_PROBLEM STATEMENT_:
Which lines run from the line with "From Morledge, travel" to the end of the entries? Write out exactly those, leaving out the pictures.
§ §
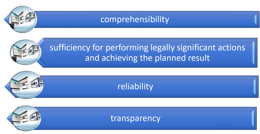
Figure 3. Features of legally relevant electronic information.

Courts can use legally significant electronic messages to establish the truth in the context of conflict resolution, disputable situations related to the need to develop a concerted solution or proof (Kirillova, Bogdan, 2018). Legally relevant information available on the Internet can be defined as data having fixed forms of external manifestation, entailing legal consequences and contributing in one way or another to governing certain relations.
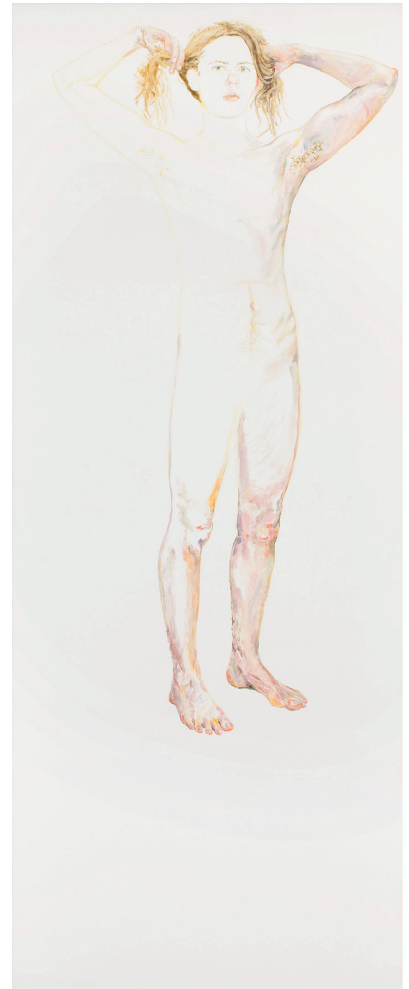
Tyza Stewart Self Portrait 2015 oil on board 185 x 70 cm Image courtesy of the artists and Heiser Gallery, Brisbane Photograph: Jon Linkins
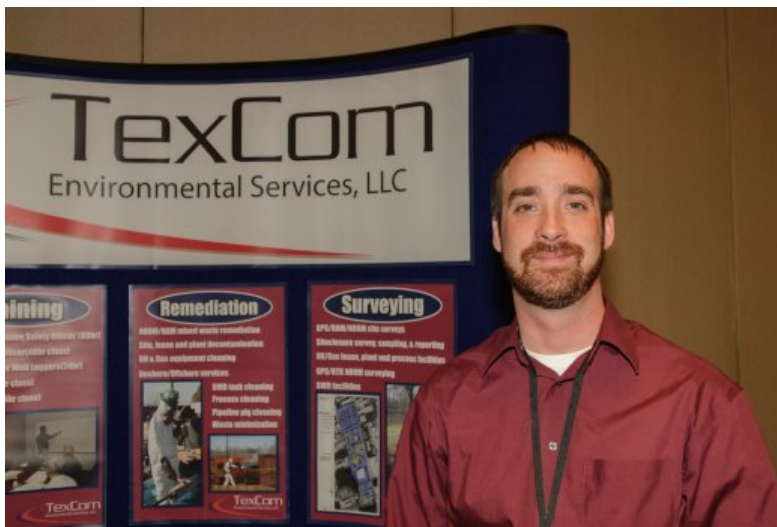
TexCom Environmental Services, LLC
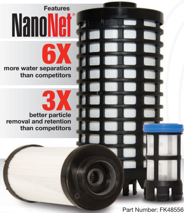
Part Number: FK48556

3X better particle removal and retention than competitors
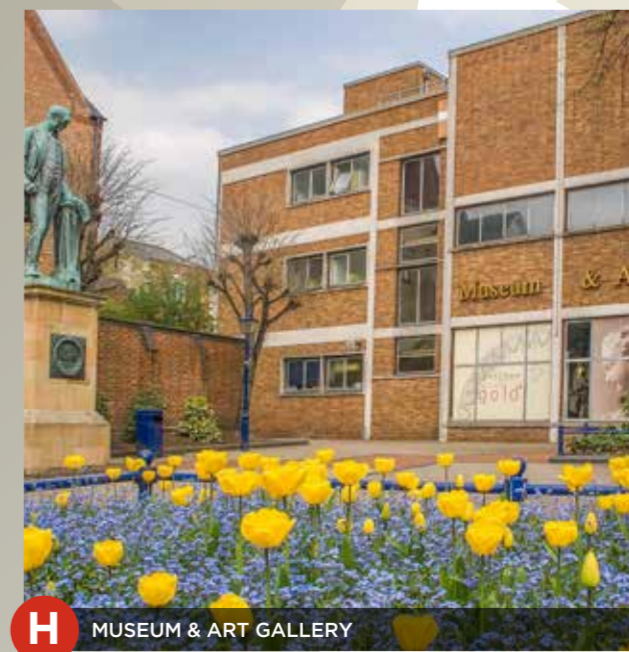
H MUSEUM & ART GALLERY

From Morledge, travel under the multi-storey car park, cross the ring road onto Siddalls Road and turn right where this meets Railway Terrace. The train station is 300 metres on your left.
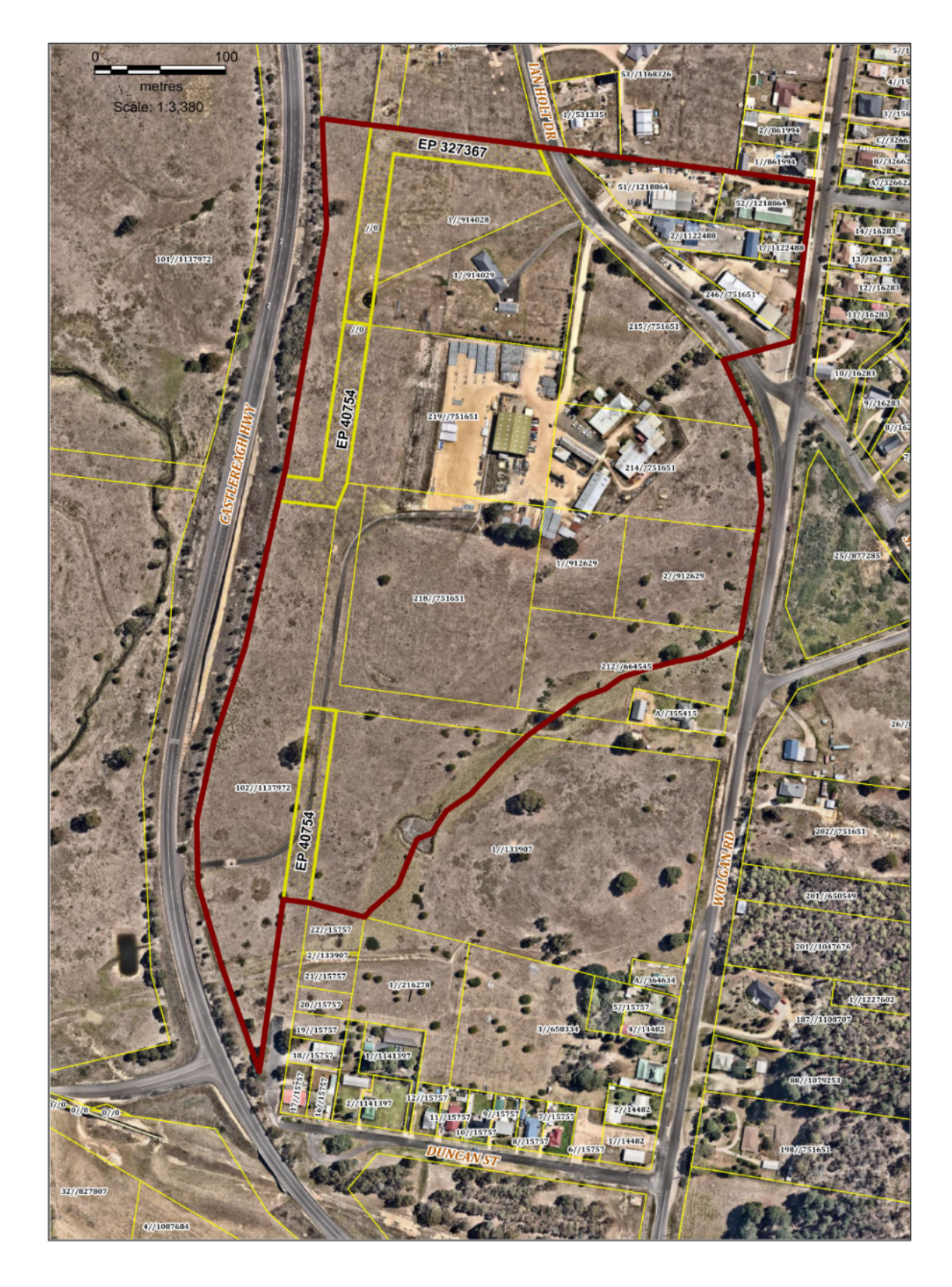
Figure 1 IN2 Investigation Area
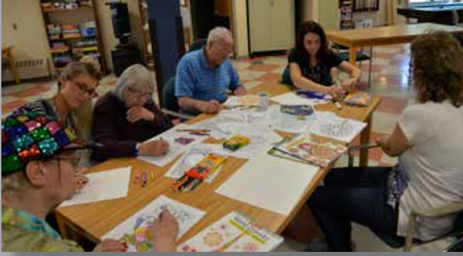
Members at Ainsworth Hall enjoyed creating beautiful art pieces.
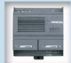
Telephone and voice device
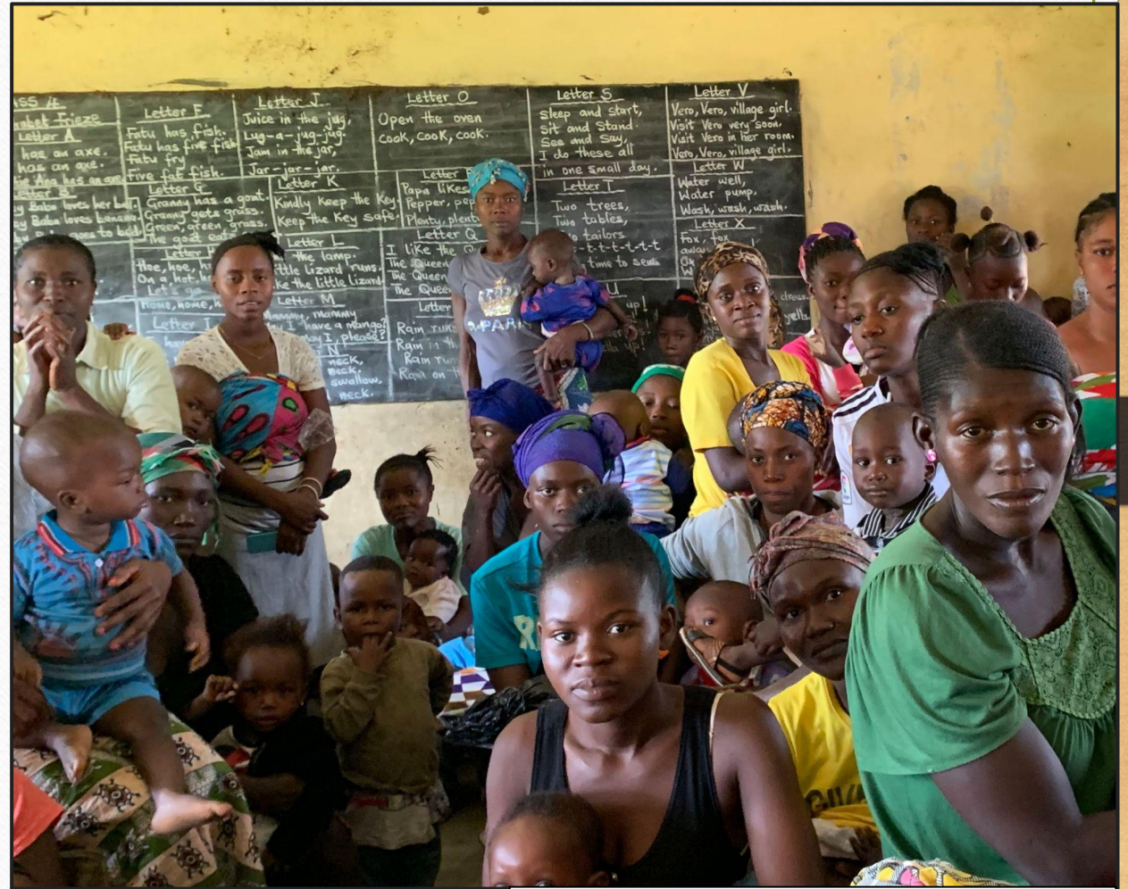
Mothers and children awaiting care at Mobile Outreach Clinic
§ §
_SOLUTION TO THIS PROBLEM_:
From Morledge, travel under the multi-storey car park, cross the ring road onto Siddalls Road and turn right where this meets Railway Terrace. The train station is 300 metres on your left.
Figure 1 IN2 Investigation Area
Members at Ainsworth Hall enjoyed creating beautiful art pieces.
Telephone and voice device
Mothers and children awaiting care at Mobile Outreach Clinic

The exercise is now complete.